Business groups ranging from the U.S. Chamber of Commerce to the Business Roundtable, as well as individual firms, are mounting increasing pressure to get around regulations they don't like. Some are trying to thwart the Securities and Exchange Commission (SEC) and other agencies by adding language to legislation. Others are trying to drum up support for making changes to the main accounting reform law passed in 2002.
Among their tactics:
•Running to Congress. Mutual fund companies quietly inserted language into the recently passed spending law that is designed to slow the SEC's efforts to create more accountability from mutual fund boards. Earlier in the year, high-tech companies added language to a House bill that would have blocked a plan to require greater disclosure of stock-options grants. The measure died in the Senate.
•Fighting SEC rules. Business groups have managed to delay for months an SEC rule giving shareholders limited rights to name corporate directors if the existing board is unresponsive to their demands. The move is arguably the agency's single most important corporate-governance measure.
•Battling pension funds. Business groups have been fighting a pitched battle with state employee pension funds that have used their large blocks of stocks to lobby for corporate reforms.
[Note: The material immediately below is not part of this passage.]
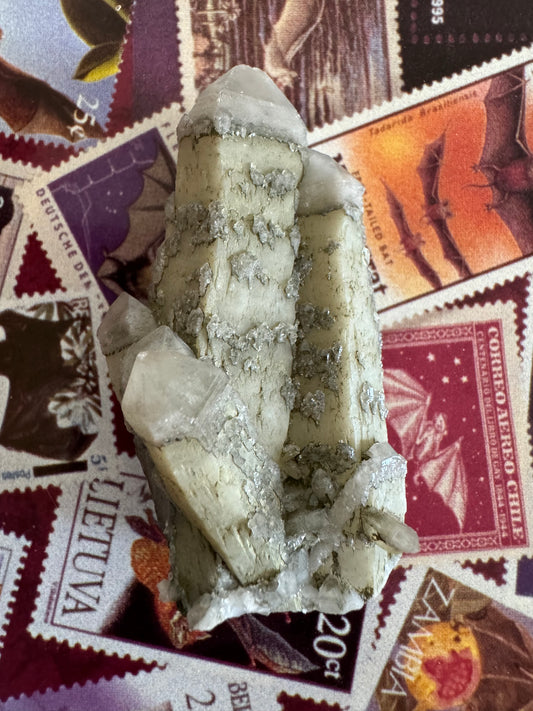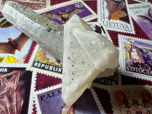 Inner Mongolian quartz point pair tinted with hedenbergite

Such pressure resulted in the ouster Thursday of Sean Harrigan, president of California's largest pension fund and one of the nations' most vocal and powerful reform advocates.
Business groups point to what has changed since the Enron bust of three years ago. Certainly the SEC has been given substantial budget increases, and many boards of directors have tightened scrutiny of the companies they oversee. But the backlash against reform shows what happens once attention to corporate scandals begins to wane.
Three years later, the Enron collapse seems like a distant memory. So much has happened since then to show it was not an isolated event, but part of a larger trend. In the next few months, the nation may begin to determine whether reform is also a trend, or merely and isolated event.